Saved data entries
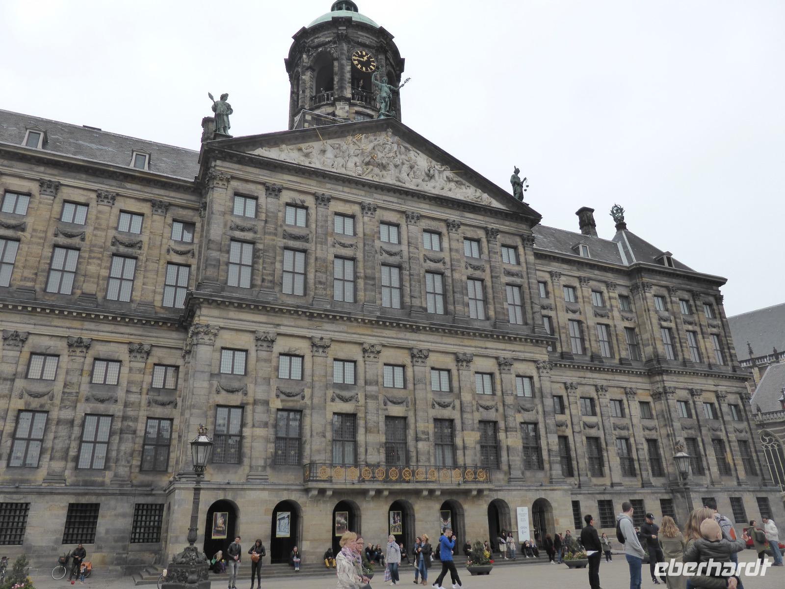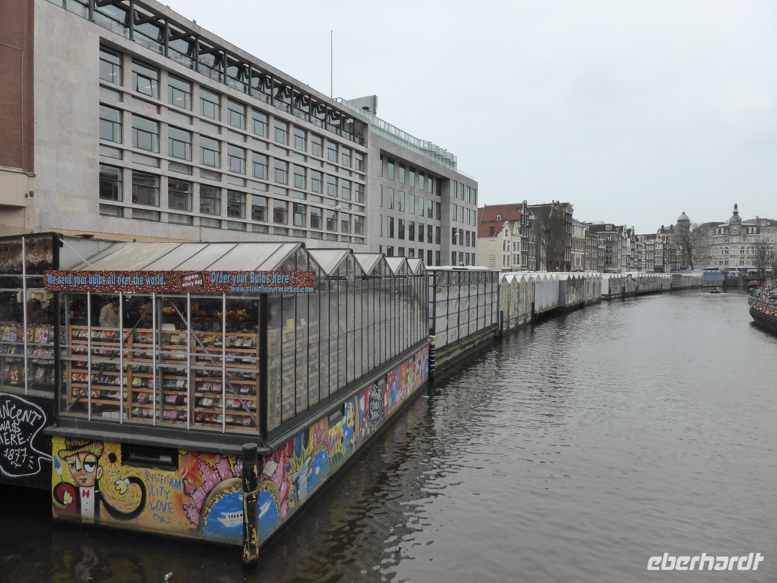 Über den Platz Spui erreichten wir unser Ziel den schwimmenden Blumenmarkt. Hier stand uns die Zeit zur freien Verfügung für einen kleinen Imbiss (leckere Kippeling oder Hering) und den Bummel entlang der schwimmenden Verkaufsstände. Auf dem Rückweg passierten wir noch das monumentale Gebäude der Börse des Architekten Berlange.
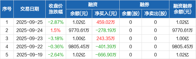 信德新材:融资净买入459.02万元,融资余额1.02亿元(09-25)
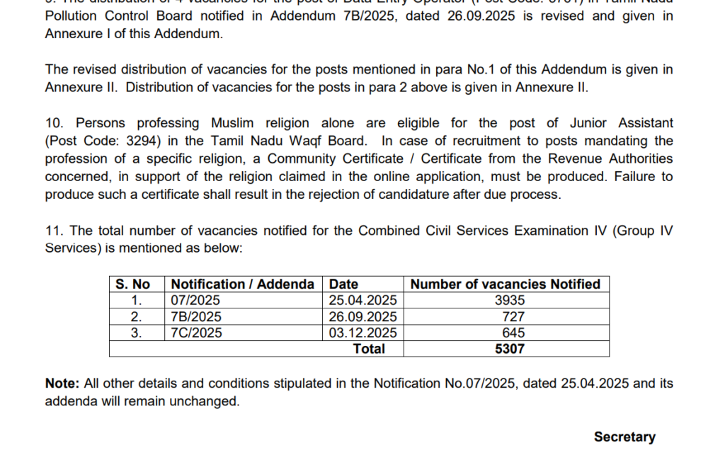TNPSC Group 4 New Vacancy 2025
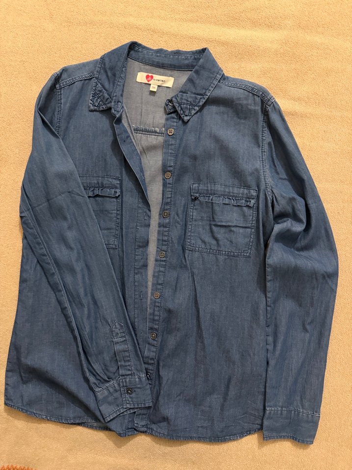 Düğmeli Uzun Kollu Denim Gömlek
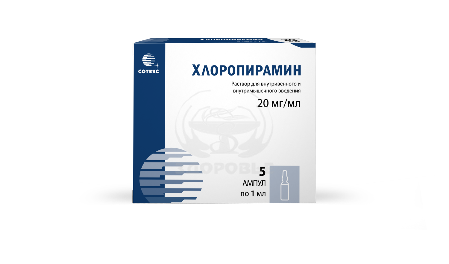 хлоропирамина гидрохлорид* 20 мг * в пересчете на 100% вещество. Вспомогательные вещества: вода д/и - до 1 мл.
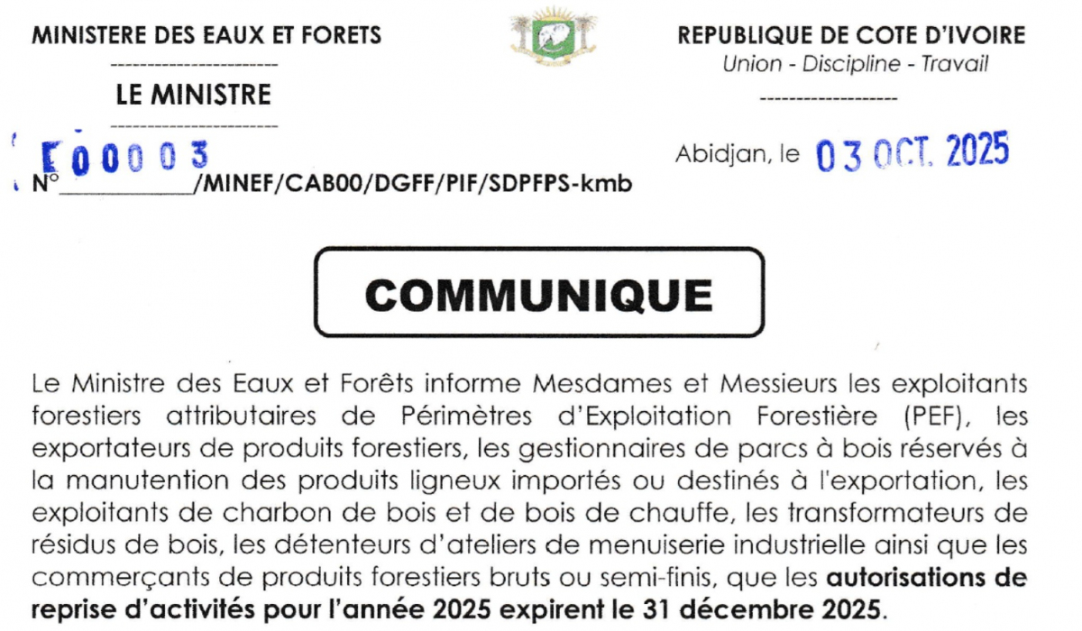 Dans le cadre de la mise en œuvre du Programme de Restauration Durable des Forêts - Côte d'Ivoire (PRDF-CI), il est procédé au recrutement des membres de l'...
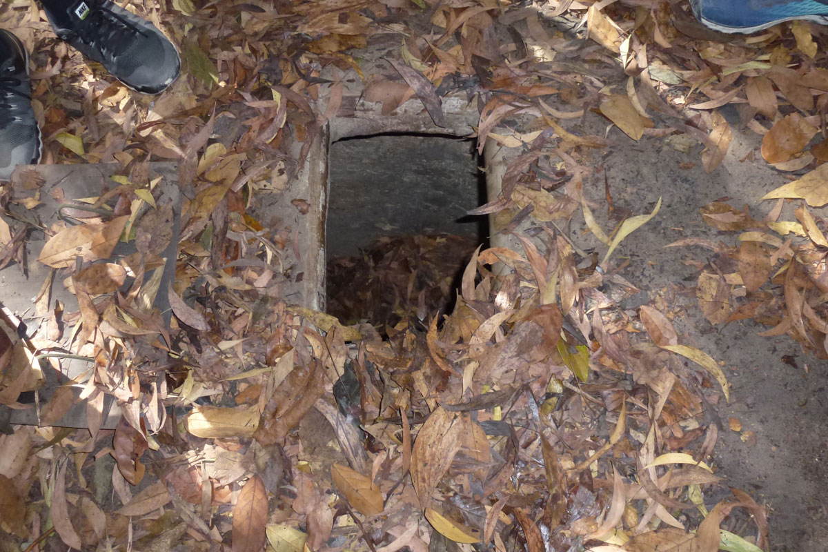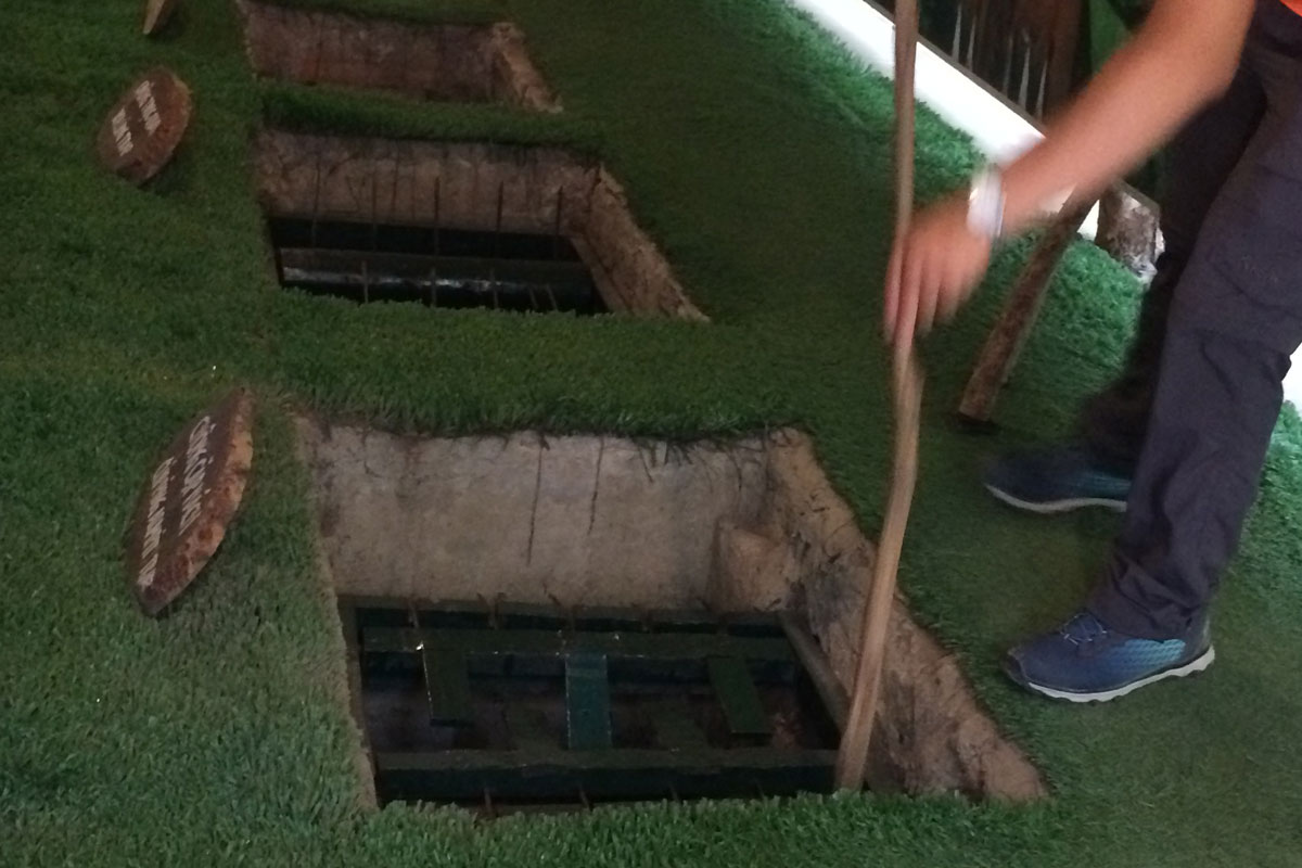 Ein bedeutender Stützpunkt des Vietcong waren die Tunnel von Cu Chi. Dieses ausgeklügelte Tunnelsystem liegt ca. 70 km von Ho-Chi-Minh-Stadt entfernt. Auf einer Gesamtänge von ca. 200 Kilometern gab es dort unter der Erde auf drei Ebenen ganze Städte mit Schulen, Krankenhäusern, Büros, Küchen und Schlafgelegenheiten. Als die Amerikaner an nahezu der gleichen Stelle eines ihrer Hauptquartiere errichteten, wussten Sie nicht, dass der Feind quasi direkt unter ihren Füßen lag. Heute kann man sich das ganze System bei einem Besuch dort genau erklären lassen. Absolut spannend und empfehlenswert – auch wenn es etwas befremdlich ist, dass man dort gegen eine Extragebühr auch die Möglichkeit hat, mit einem echten Maschinengewehr zu schießen (was wir nicht gemacht haben). Mehr zu den Tunneln auf Wikipedia
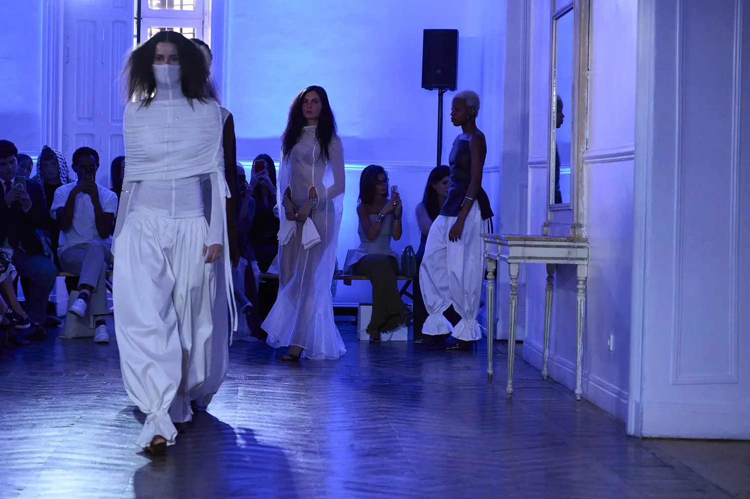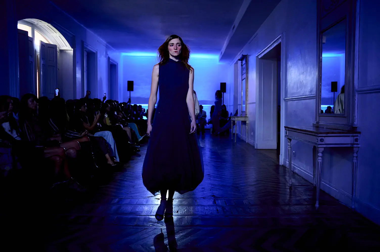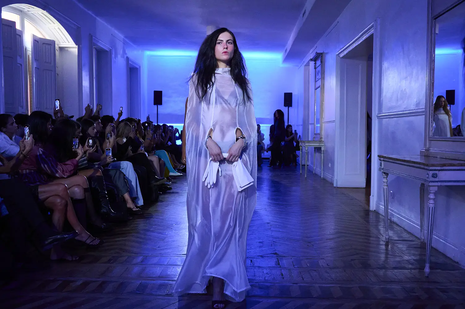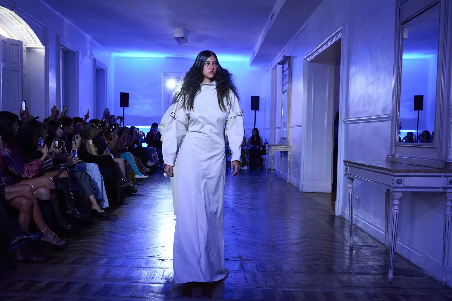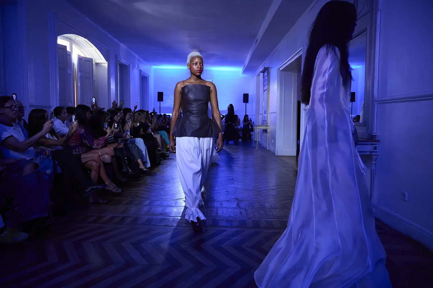 La puesta en escena del desfile ha acompañado esta propuesta conceptual con una atmósfera sobria, pausada y contenida. La pasarela no se convierte en un lugar de exhibición, sino en un espacio de resonancia emocional. Las modelos caminan sin artificios, sin excesos, dejando que las prendas y sus gestos hablen por sí solas. Cada silueta propone una idea, una emoción o una pregunta que no busca respuesta, sino que invita a detenerse.
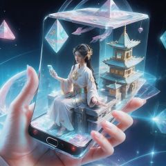 1girl, best quality, eastern mythology, Holographic projection mobile phone from poakl, best quality, cyber world, science fiction world,eastern mythology,candy-coated

■ Try it ■
Reproduce each line above exactly, but not a single picture.

■ Solved problem ■
 Über den Platz Spui erreichten wir unser Ziel den schwimmenden Blumenmarkt. Hier stand uns die Zeit zur freien Verfügung für einen kleinen Imbiss (leckere Kippeling oder Hering) und den Bummel entlang der schwimmenden Verkaufsstände. Auf dem Rückweg passierten wir noch das monumentale Gebäude der Börse des Architekten Berlange.
 信德新材:融资净买入459.02万元,融资余额1.02亿元(09-25)
TNPSC Group 4 New Vacancy 2025
 Düğmeli Uzun Kollu Denim Gömlek
 хлоропирамина гидрохлорид* 20 мг * в пересчете на 100% вещество. Вспомогательные вещества: вода д/и - до 1 мл.
 Dans le cadre de la mise en œuvre du Programme de Restauration Durable des Forêts - Côte d'Ivoire (PRDF-CI), il est procédé au recrutement des membres de l'...
 Ein bedeutender Stützpunkt des Vietcong waren die Tunnel von Cu Chi. Dieses ausgeklügelte Tunnelsystem liegt ca. 70 km von Ho-Chi-Minh-Stadt entfernt. Auf einer Gesamtänge von ca. 200 Kilometern gab es dort unter der Erde auf drei Ebenen ganze Städte mit Schulen, Krankenhäusern, Büros, Küchen und Schlafgelegenheiten. Als die Amerikaner an nahezu der gleichen Stelle eines ihrer Hauptquartiere errichteten, wussten Sie nicht, dass der Feind quasi direkt unter ihren Füßen lag. Heute kann man sich das ganze System bei einem Besuch dort genau erklären lassen. Absolut spannend und empfehlenswert – auch wenn es etwas befremdlich ist, dass man dort gegen eine Extragebühr auch die Möglichkeit hat, mit einem echten Maschinengewehr zu schießen (was wir nicht gemacht haben). Mehr zu den Tunneln auf Wikipedia
 La puesta en escena del desfile ha acompañado esta propuesta conceptual con una atmósfera sobria, pausada y contenida. La pasarela no se convierte en un lugar de exhibición, sino en un espacio de resonancia emocional. Las modelos caminan sin artificios, sin excesos, dejando que las prendas y sus gestos hablen por sí solas. Cada silueta propone una idea, una emoción o una pregunta que no busca respuesta, sino que invita a detenerse.
 1girl, best quality, eastern mythology, Holographic projection mobile phone from poakl, best quality, cyber world, science fiction world,eastern mythology,candy-coated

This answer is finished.